Rapid determination of the catheter length positioning in zone III is significantly imperative for the pre-hospital patients who suffered from catastrophic hemorrhage due to the lower limb and pelvis. Although the position of the balloon can be confirmed by X-ray and other imaging examinations after REBOA balloon being filled, it is impractical to achieve this strategy in the pre-hospital environment. For patients with non-compressible torso hemorrhage, the long-time malposition of balloon not only fail to achieve effective hemostasis in the target region, but also largely cause balloon-related complications. As the White Book states, the maximum transportation time for a major trauma patient from the scene should not exceed 30 minutes [19]. We found that the right FA-mZIII and FA-mXU were shown no significant difference in statistical analysis, and FA-mXU could be used to guide the inserted catheter length positioning in zone III. It is well known that the length of zone III is about 8–9 cm without a large fault-tolerance range as zone I. "Too long" and "too short" are likely to lead to disastrous consequences. "Too long" means that the inferior edge of the catheter balloon is easy to cross the lowest renal artery and block the blood supply of vital organs, which immensely reduces the blocking time of REBOA and drives visceral ischemic necrosis and reperfusion injury in severe cases. "Too short" means that the superior edge of the catheter balloon fails to exceed the aortic bifurcation, which can easily lead to vascular dissection or even amputation, thus fail to take full advantage of REBOA in the rapid control of catastrophic hemorrhage. As a result, the appropriate catheter length positioning in zone III is essential to rapid hemostasis in a critical situation.

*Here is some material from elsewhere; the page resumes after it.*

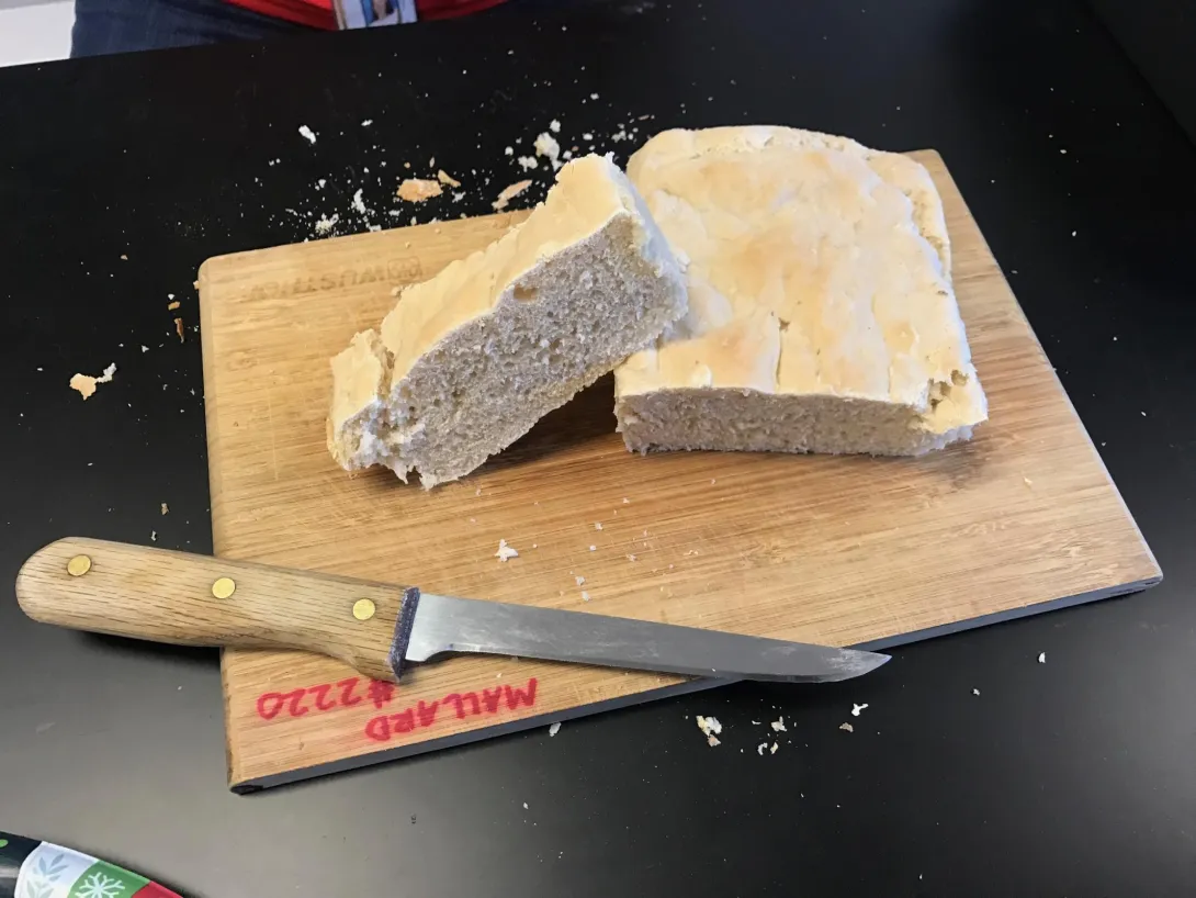 So we were told to make bread… Something we have never done before. We found this exciting and fun. First we needed to do some research on how the ingredients worked and how much of each we needed to add. To start, we were given a base recipe that we got to refine to our liking. Then the next day, we tested our recipe, we took a ziploc bag and added ¼ cup of flour, and ¼ teaspoon of yeast and mixed it together. Then we added 4 tablespoons of water to the mixture at 120-130 F. After that we let it rest for 10 mins then added another ¼ cup of flour and mixed that.

Finally, several limitations to this study should be considered. First, these conclusions were based on the responses of CT three-dimensional reconstruction and might not vividly reflect measurement processes on the intact body. The positioning of body surface markers (such as umbilicus) may be affected by body shape and body position.
For special groups, such as obesity and pregnant patients, some extra imaging methods must be equipped to avoid possible injuries and confirm precise positioning before inflation. Second, the catheter length estimated by the external landmark may be different from the actual length running in the vascular. The actual catheter length may also be affected by the blood flow velocity and the degree of vascular curvature. Third, our subjects were Chinese population, so it is not known whether our results apply to other groups. Larger studies with longer follow-up are needed to study whether exists other factors affecting the prediction of catheter length in zone III.